Poetry: Vidya Hariharan

Vidya Hariharan
Love and Marriage in a Metro

Falling in love requires a phone.
With constant calls and messages,
The interchange is always on,
Every minute, each second there’s sharing,
Of loving words, jokes and memes.
The virtual world keeps reality away,
Text messages speak of dreams,
Of a life together which nothing may
Break asunder or keep apart.
Love you forever, whispers the heart.

Spending every minute spare
Talking of this and that.
Real time meetings are so rare
So busy are the couple even to spat.
After some months, the parents are told:
“We’re getting married, we love each other.”
This too is shared on zoom, lo and behold!
Thus, a marriage is arranged, end of discussion.
The hall is booked, friends and relatives
 E- invited, the hired hosts greet the guests, 
Gifts are Gpay remitted.

Which heaven are such marriages made in?
Who knows, maybe it’s like the internet of things.
Nobody understands how relationships work
A deep mystery it is, where emotions lurk.
Times are tough for lovers everywhere
They’re too busy to sit and share.
Work consumes these poor Romeos
Love blooms sweetly in the pauses.
***


The Fashionistas

Torn jeans and coloured hair
Seem like fashion flair.
The beauty queen and the local vagrant
Both are dressed similar.

Long bearded men wrapped in lungees 
Stretch on footpaths at their ease.
Draped in sarongs gliding on the stage,
Young models with stubble are all the rage.
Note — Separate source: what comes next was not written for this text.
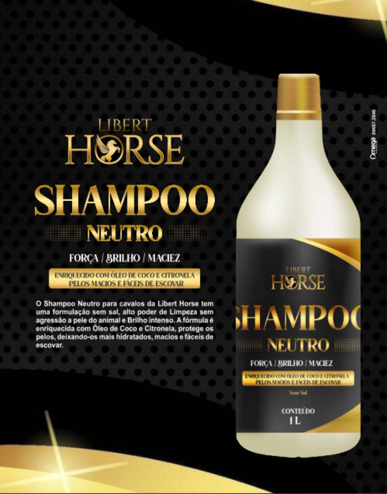 O Shampoo Neutro para cavalos da Libert Horse tem uma formulação sem sal, alto poder de limpeza sem agressão a pele do animal e brilho intenso. A fórmula é enriquecida com Óleo de Coco e Citronela, protege os pelos, deixando-os mais hidratados, macios e fáceis de escovar.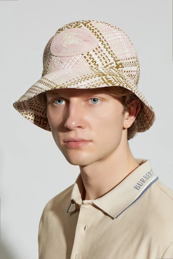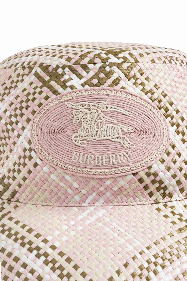Meticulously woven from straw-inspired viscose, the hat offers exceptional lightness and breathability, making it ideal for warm-weather escapades. The gently sloped brim and rounded crown evoke timeless elegance, while the meticulously stitched light pink oval patch with Burberry's embroidered logo and Equestrian Knight Design lends unmistakable prestige.

Hollow cheeks, caved in belly,
Palms outstretched, always hungry, 
Begging at traffic signals for a fiver
Is she very different from a diva?
***


Inappropriate behaviour

What do they mean
When they say
‘act your age’
‘Cos as you know
I may be fifty
On my bones,
But in my heart
I am still sweet
Sixteen!
So when they say,
‘Act your age’
I sing, “I am! I am!”

***

Bio: Vidya Hariharan is an avid reader, traveller and coffee drinker.  In her spare time, she wrestles with crossword puzzles. She enjoys the works of T. S. Eliot, Ranjit Hoskote and Sylvia Plath, when she is not devouring crime fiction. The family’s poetic gene jumped across two generations, as her great-grandfather P.S. Rama Iyer was a popular poet and short fiction writer in Malayalam. Vidya also teaches English Literature in a suburban college in Mumbai. Some of her narrative prose and haiku can be found on Muse India’s Your Space page. One of her poems “Beauty” has been selected as Editor’s Pick for July 2024.